Edmund Burke on Manners, by Ian Crowe

It took Edmund Burke a very little time to decide that French Revolutionary philosophy posed a massive threat to civilization and social stability throughout Europe. By the end of his life, eight years after the storming of the Bastille, his fears of Jacobin contagion had led him to ask for a secret grave, removed from his family sepulchre and hidden from those-the English Jacobins-who would plunder the lead from tombs for bullets to assassinate the living. In 1796 he wrote: “…out of the tomb of the murdered monarchy in France has arisen a vast, tremendous, unformed spectre, in a far more terrific guise than any which ever yet have overpowered the imagination, and subdued the fortitude of man.” He demanded nothing short of a war of extermination against this “armed doctrine.”
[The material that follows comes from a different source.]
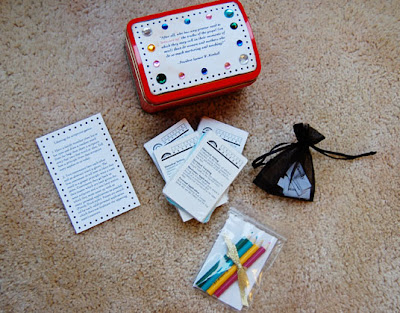 Inside the box I put a complete set of scripture mastery cards ($1.00 for all 4 sets of cards from the standard works ordered through the distribution center). I thought going through the scripture mastery cards, marking them in our scriptures, and playing some games with them would be a fun way to teach our families to treasure the scriptures.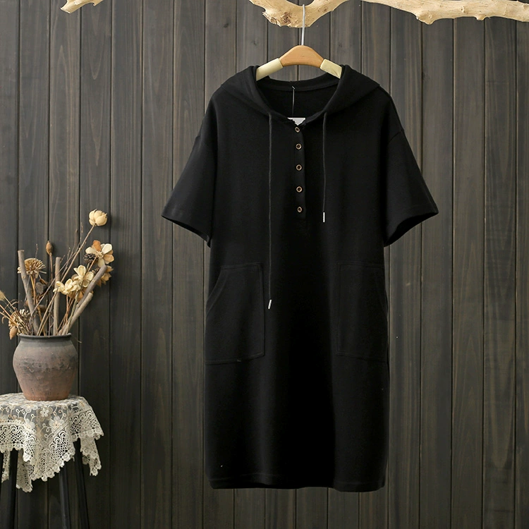 Summer 200 kilograms of casual belly-covering solid color sweatshirt dress

It is somewhat surprising, then, to find that this enormous threat brought out Burke’s most urgent defense of an aspect of civilization as trivial as “manners.”  Of course, the very fact that we consider manners “trivial” was all part of the problem from the start, as far as Burke was concerned, and he felt driven to state his case unambiguously in his First Letter on a Regicide Peace (1796):“Manners are of more importance than laws. Upon them, in a great measure, the laws depend.” How can this apparent inversion of common sense be justified?

Manners are clearly not the same as laws. They are generally unwritten (unless we are talking about ritual), and they lack the regular, codified sanctions that support institutes and decrees. However, they have a similar function: in our small social communities and informal relationships they lay down expectations of behavior that facilitate the smooth-running and therefore expedite the purpose of these various bodies from the nuclear family to the shopping mall. These very circumstances which make sense of our manners mean that they cannot be constituted and implemented like laws and they should not; but we commit a serious mistake if we allow the institutionalized power of the latter to diminish our respect for the former. It is the very superficial weakness of manners that actually constitutes their crucial importance in our lives.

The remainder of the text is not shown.